EXERCISE INSTRUCTIONS:
Return only the lines below starting at the line containing "- Alpinuseptol to" and ending at the line containing "圖:北京社區(qū)老人佩戴茱萸囊歡度重陽(yáng)節(jié)", both included, exactly as they are and with no pictures.

ENTRIES PROVIDED:
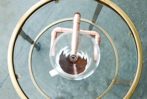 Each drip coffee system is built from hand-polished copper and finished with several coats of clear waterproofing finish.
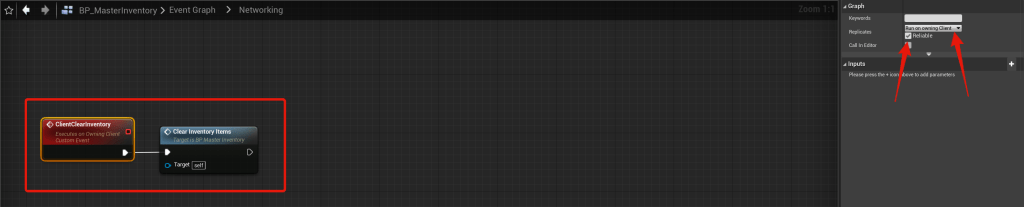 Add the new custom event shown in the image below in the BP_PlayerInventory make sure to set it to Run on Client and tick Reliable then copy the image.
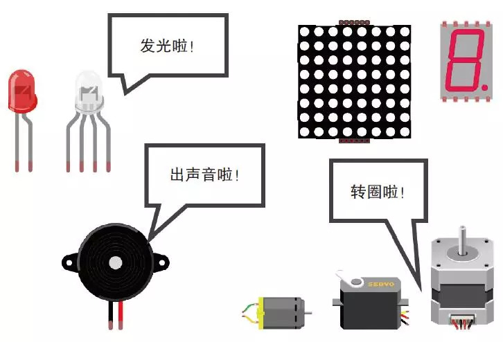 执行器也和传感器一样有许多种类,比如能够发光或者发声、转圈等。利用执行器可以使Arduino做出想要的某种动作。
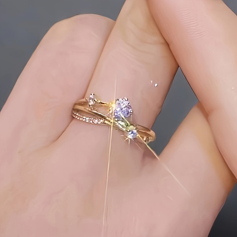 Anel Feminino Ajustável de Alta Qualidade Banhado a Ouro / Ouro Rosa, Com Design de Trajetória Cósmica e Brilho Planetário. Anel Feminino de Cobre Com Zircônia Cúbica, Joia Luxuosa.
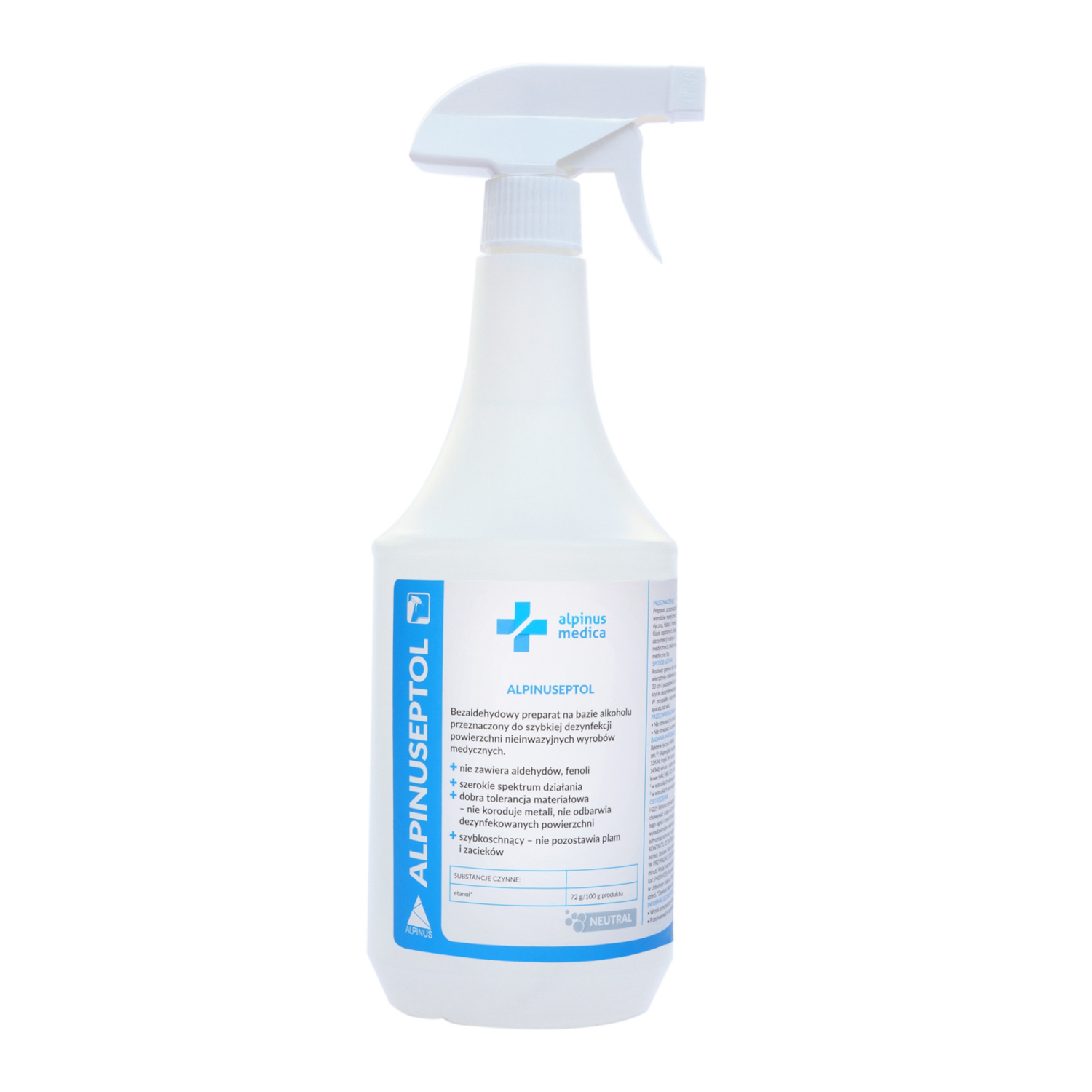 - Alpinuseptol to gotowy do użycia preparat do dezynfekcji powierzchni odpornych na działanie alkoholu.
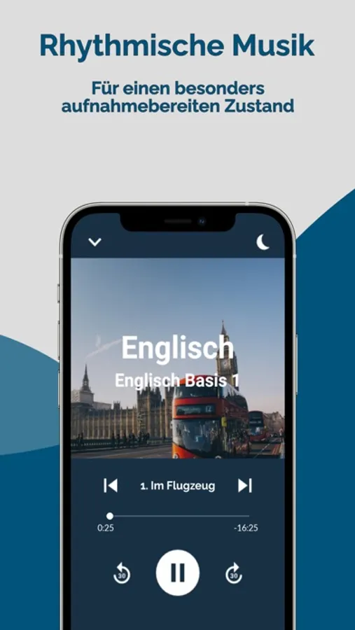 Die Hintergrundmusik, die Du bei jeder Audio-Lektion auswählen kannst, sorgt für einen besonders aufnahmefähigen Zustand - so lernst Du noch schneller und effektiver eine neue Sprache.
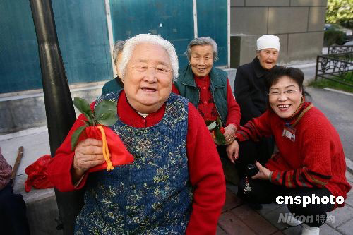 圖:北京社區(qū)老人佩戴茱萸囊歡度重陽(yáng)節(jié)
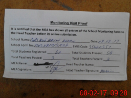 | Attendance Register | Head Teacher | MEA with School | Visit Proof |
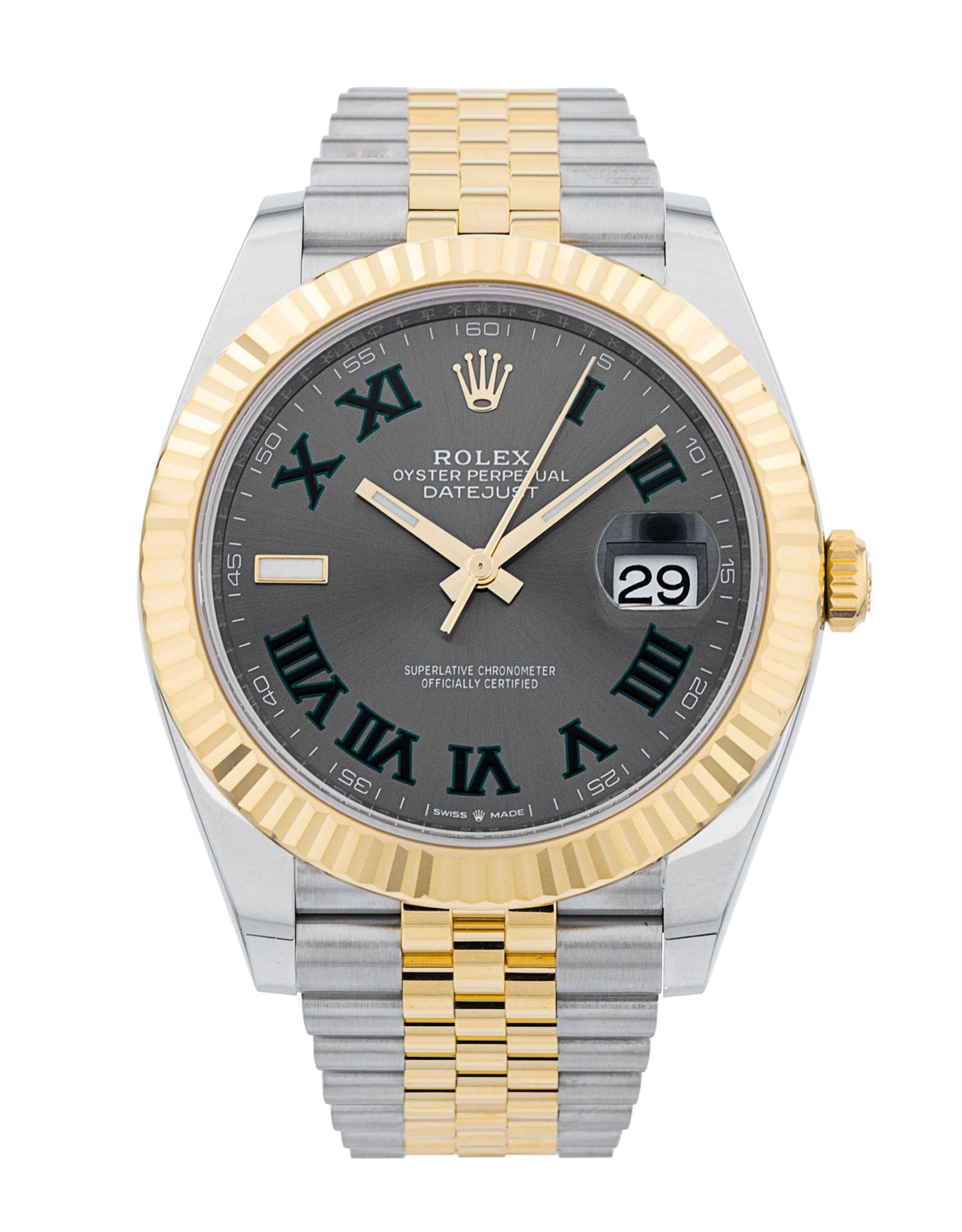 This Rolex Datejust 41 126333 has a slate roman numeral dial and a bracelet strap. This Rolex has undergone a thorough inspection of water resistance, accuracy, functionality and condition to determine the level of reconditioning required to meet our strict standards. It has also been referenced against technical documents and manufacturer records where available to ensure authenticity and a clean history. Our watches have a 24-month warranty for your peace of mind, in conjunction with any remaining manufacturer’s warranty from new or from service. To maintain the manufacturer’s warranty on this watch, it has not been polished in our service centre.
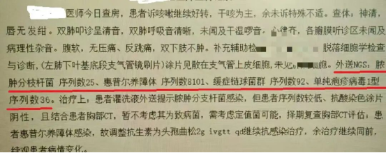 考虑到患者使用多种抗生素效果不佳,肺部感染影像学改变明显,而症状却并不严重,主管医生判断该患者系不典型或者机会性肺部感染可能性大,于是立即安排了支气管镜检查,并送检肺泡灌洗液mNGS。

RESPONSE TO THE EXERCISE:
 - Alpinuseptol to gotowy do użycia preparat do dezynfekcji powierzchni odpornych na działanie alkoholu.
 Die Hintergrundmusik, die Du bei jeder Audio-Lektion auswählen kannst, sorgt für einen besonders aufnahmefähigen Zustand - so lernst Du noch schneller und effektiver eine neue Sprache.
 圖:北京社區(qū)老人佩戴茱萸囊歡度重陽(yáng)節(jié)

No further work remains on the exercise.